I’m going to tell you a story:
1st a little back ground: Aug. 03, I get a phone message stating my husband of 21 years is having
an affair with the HR Director at work. They traveled every week together and I was always
assured nothing was going on. Me thinking I’m the wind beneath his wings believes every word
he tells me.
Life is rocking through the winter of 04 H doesn’t come home until late at night. Won’t talk to
me won’t go to counseling and says he needs time to figure things out. May 04 final truth comes
out he’s sleeping with her.. I lose 40 pounds. He’s still on the fence.. Can’t decide what to do..

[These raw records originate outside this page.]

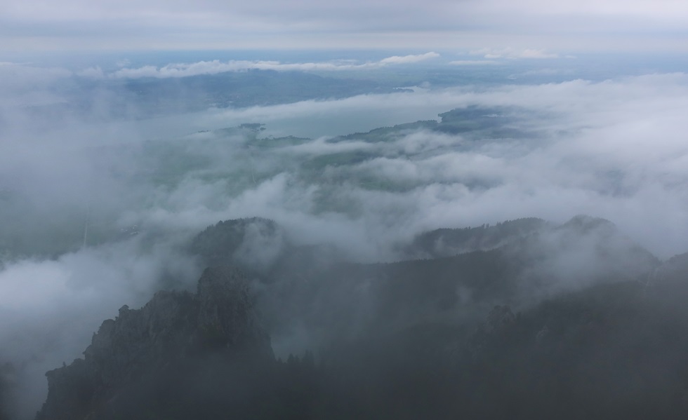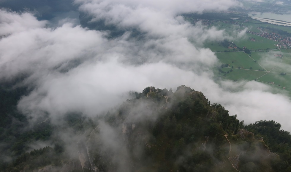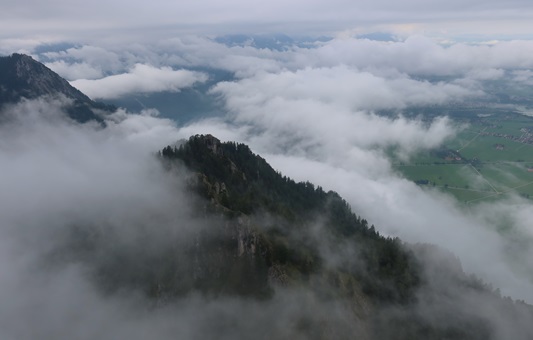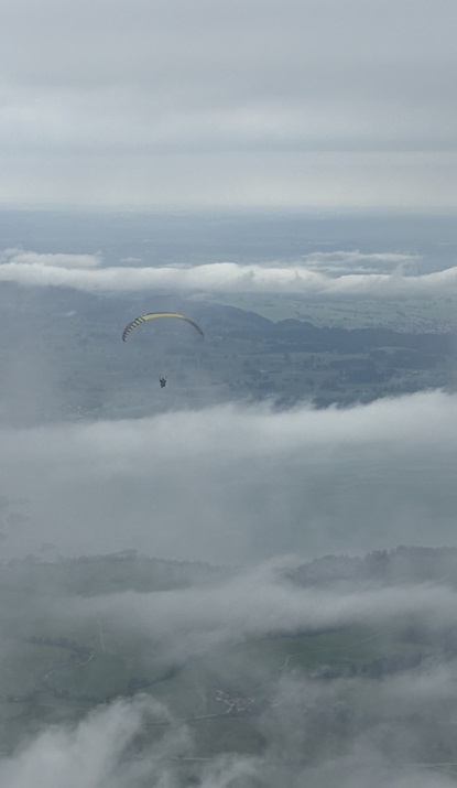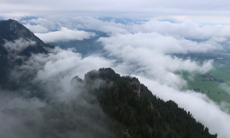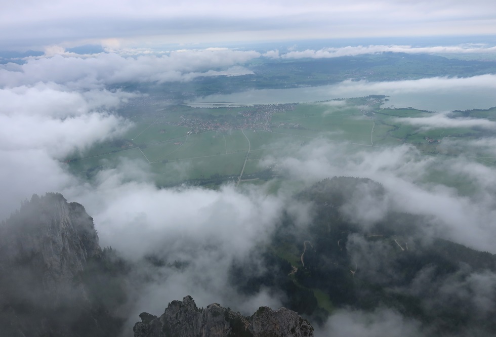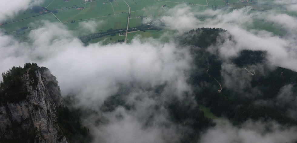 Als ich zur ersten Gondel am Tegelberg fahre,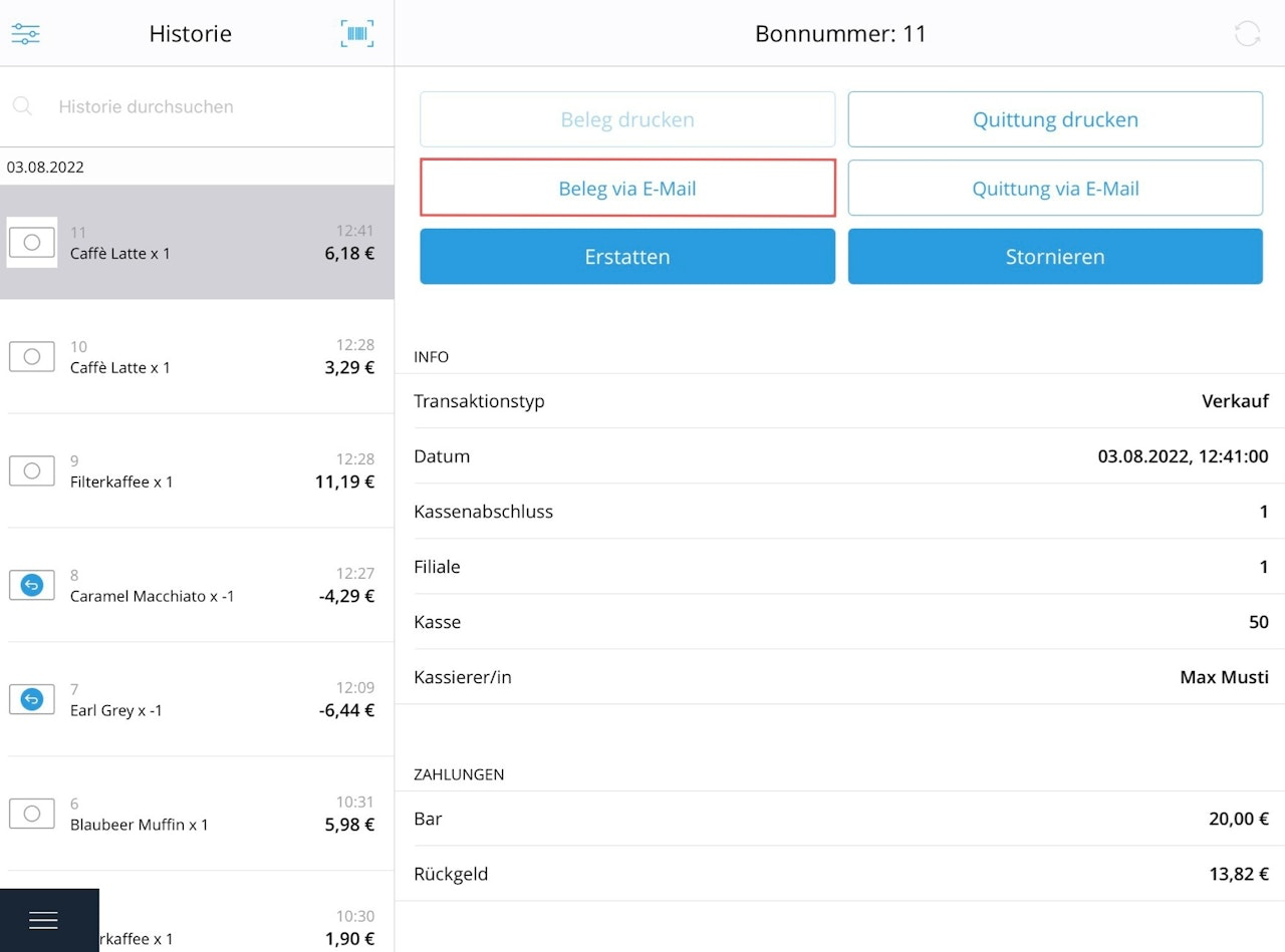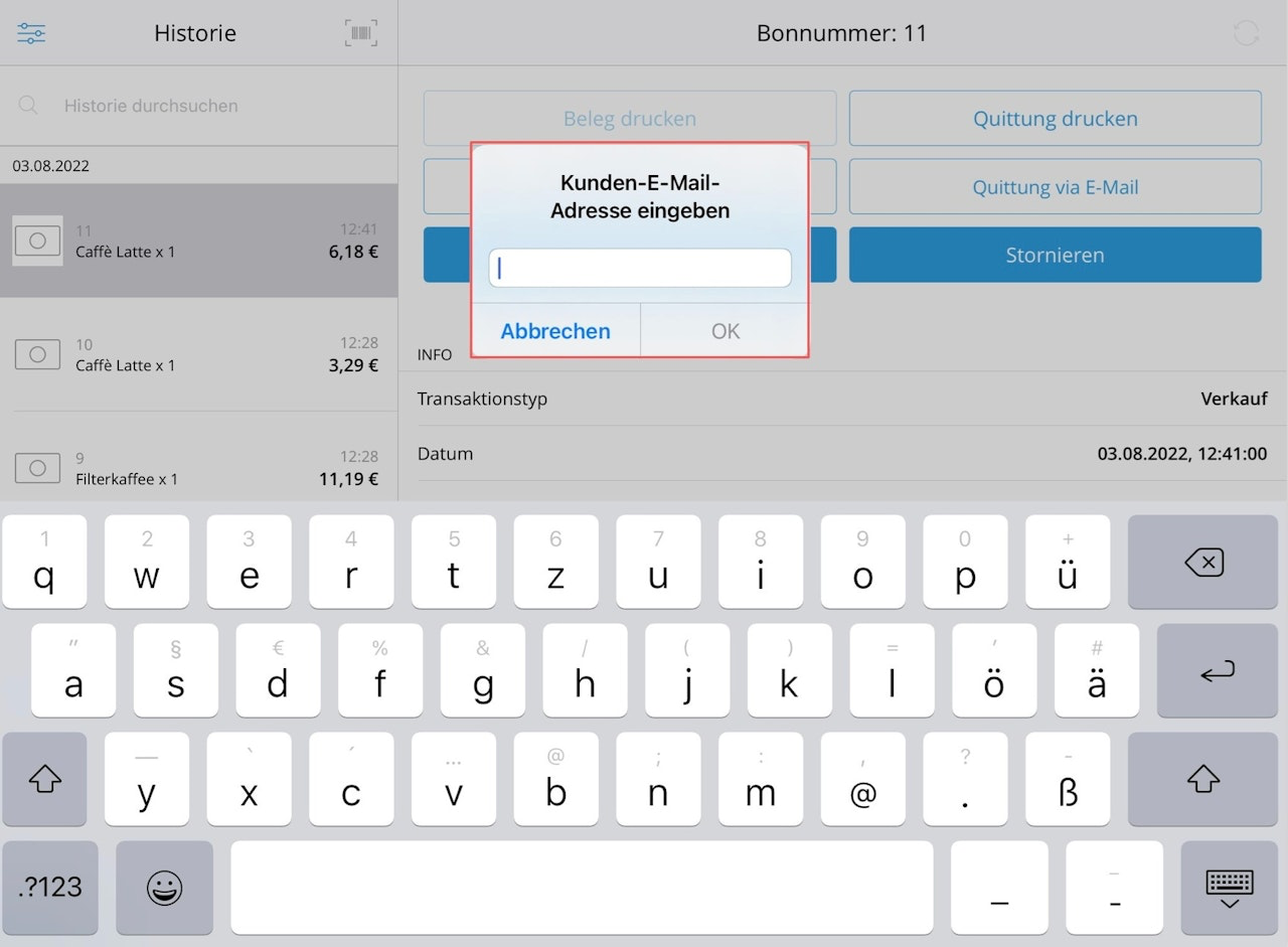 After each completed sale, you can print the receipt or send it to the customer via email. If you want to send a receipt by email at a later time, follow these steps: Tap on the main menu at the bottom left and select "History". Select a sale from the list on the left. You can also search for specific terms. The selected sale will be displayed on the right side of the screen. Then select the field "Send receipt via email". Now enter the customer's email address in the window and send the receipt by tapping "OK". Done! You have sent your receipt by email.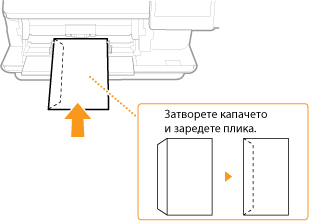 Зареждайте пликовете така, че краят с капака да е насочен към лявата страна, както е показано на илюстрацията.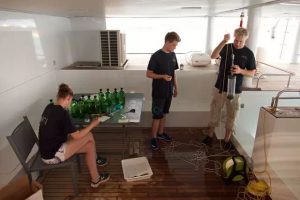 The Manta Net, which we trail behind the boat to collect sea water samples, probes for sediments, which are dropped to a depth of 20 metres at various pre-planned points and our captain accurately tracks them down again using the GPS. Everyone bustles about, the crew included, amidst the plethora of jars, test tubes and various bottles, with the 30 square metres of the aft deck (alias the Marina) transformed into a research lab, which is directly exposed to the ocean. In the afternoon, the trade wind kicks in, picking up short seas which hit us side on, upsetting certain stomachs that are unfamiliar with such treatment.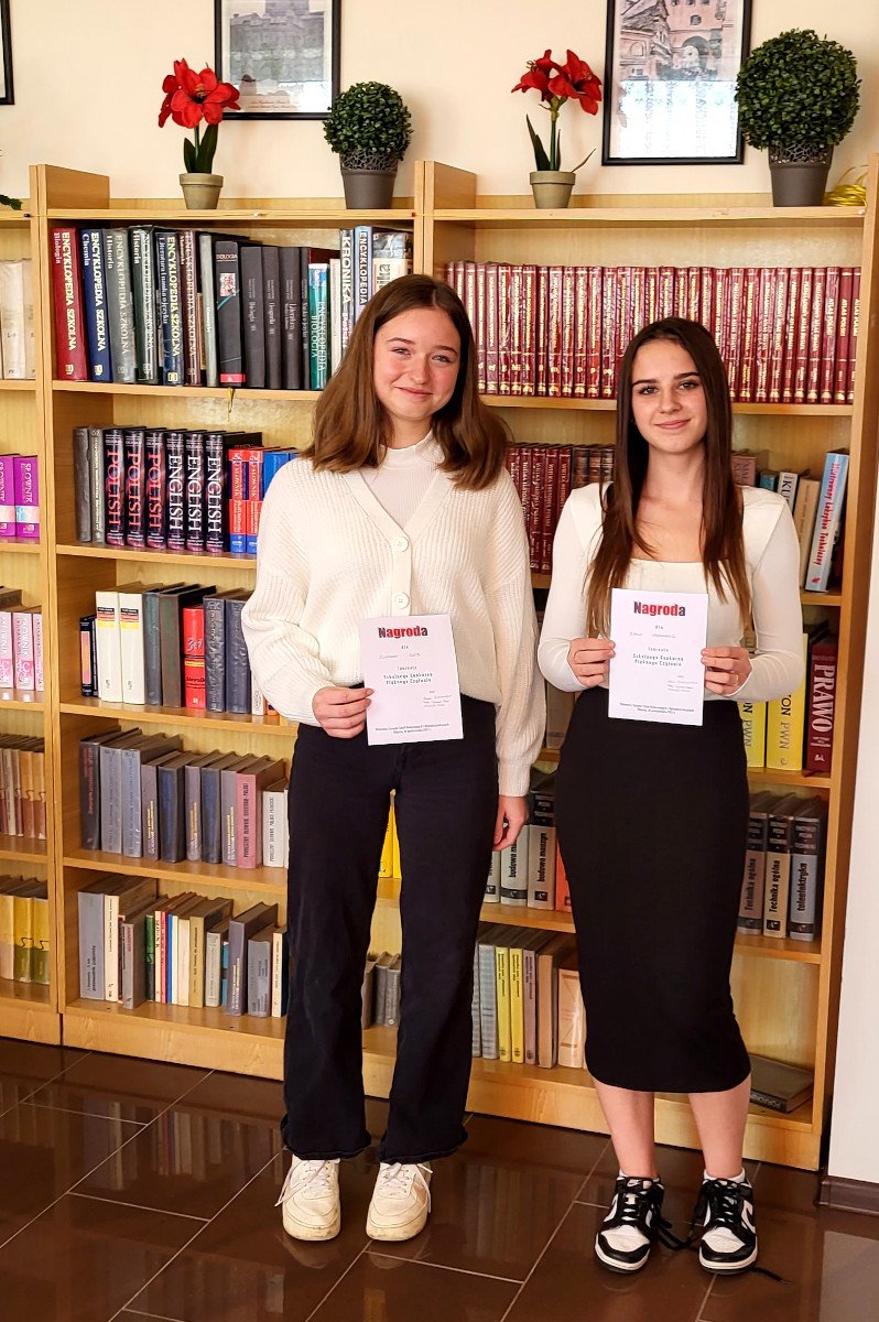 Jury w składzie: pani dyrektor Anna Kraczowska, pani Dorota Szymanik-Duras i pani Katarzyna Kowalska-Bazan tytuł laureata przyznało Zuzannie Cios z klasy Ia LO i Emilii Oszmaniec z klasy Ib LO. Wyróżnione uczennice będą reprezentować naszą szkołę na Powiatowym Konkursie Pięknego Czytania, który odbędzie się 30 listopada 2023 r. w bibliotece szkolnej.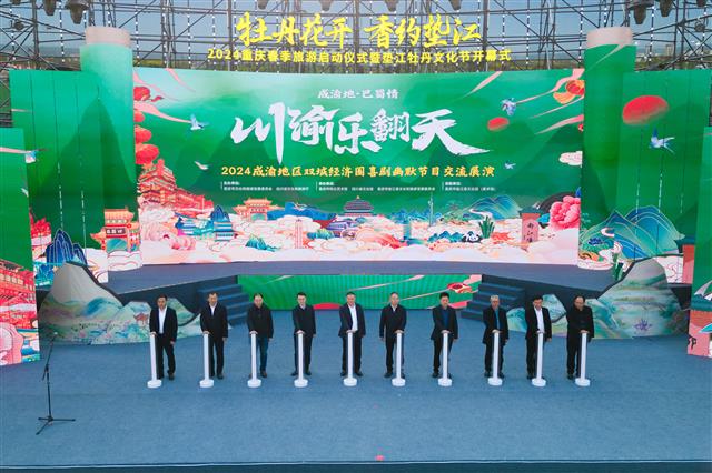 3月22日,“川渝乐翻天”2024成渝地区双城经济圈喜剧幽默节目交流展演活动启动仪式在垫江三合湖湿地公园博览中心举行。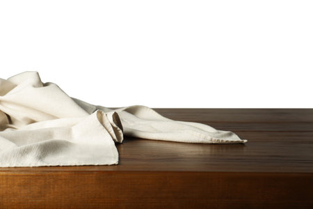 Light tablecloth on wooden table against white background, closeup

I’m accused of doing horrible things .moves out 4 times the final being Thanksgiving weekend.. I
spend holidays crying begging him to come home give us a chance... be a family... I’m a mess,
not much fun to be around.. Found MB to late but it got me through some really rough evenings.
Feb. 05 I file for divorce... everyone here says if you don’t want it don’t file... well I didn’t want
it, but I also didn’t want to go on living like this... at this time H. won’t even tell the children (20,
18, 14) or myself where he is living. (Come to find out it’s right in our town, less then 2 minutes
from home but yet can’t even take the kids to dinner) I had him served at work... much to his
embarrassment, oh well....
Now here’s where the story changes: Finally in and around January I decided I couldn’t just stay
home and cry anymore... he certainly wasn’t. I pulled myself up by the boat straps as they say and
went out... alone...found everywhere I went there were interesting people to talk to. I made
friends every where I went. I had a few taverns( bars) that I was comfortable going into alone..
One a friend owns another just right in town so I felt safe... I was amazed to find so many lonely
people just like myself and have added to my list of friends tenfold. I had dinner with a couple of
men(meeting them at restaurant, having own car.. etc..) They didn’t go well.. Oh well
In April of this year I decided to go to a club meeting of which H and I belonged to. We never
attended the meetings before.. but hey way not..a acquaintance of ours came up and asked where
my H was... I explained he didn’t want to play anymore and I had filed for D. by the end of the
evening he asked me out for dinner...we went the following Saturday... hit it off so well, and have
been together ever since... I’m happy.. I didn’t know this was the way I should have been treated
all through my marriage. I have kept no secrets from my children they like the guy.. They see I’m
happy... they see the way he treats me and treats them.. He’ll sit and BS with them for hours...
cooks wonderful meals for us, and treats them like human beings... something their own father
has neglected to do recently...I see my life going forward, I got off AD’s I’m loving life... being
with this man has made such a difference in my life it’s amazing...he’s been divorce for many
years..he’s wonderful plain and simple.. I have even introduced him to my sisters in law and my
mother in law. They like him, he fits right in. And yes while they would like to see their
brother/son and I be together they realize he’s to far gone for any of it.
So my daughter asks her father what he’s intentions are: he explains that the women he gave up
his whole family for can’t decide if she wants to leave her husband ( she hasn’t been able to
decide for two years now) or not. Does not want to met the children nor his mother nor his
sisters. Does not share the same hobbies as H and when its convenient for her she likes him to do
what she wants when she wants..she’s a snob and H is learning how to be one too...
So now while the tables have turned and he’s sitting waiting for her, I have found true happiness.
I know it’s not MB’s way of doing things. But I just wanted to tell my story and give others hope
that when you finally hit rock bottom and you’ll know when you do.. Pick yourself up and tell
yourself.. I’m better then this I don’t deserve this and I respect myself too much to put up with
anymore of this.
My only regret is that H never once wanted to give us a chance... now all he’s chances are gone.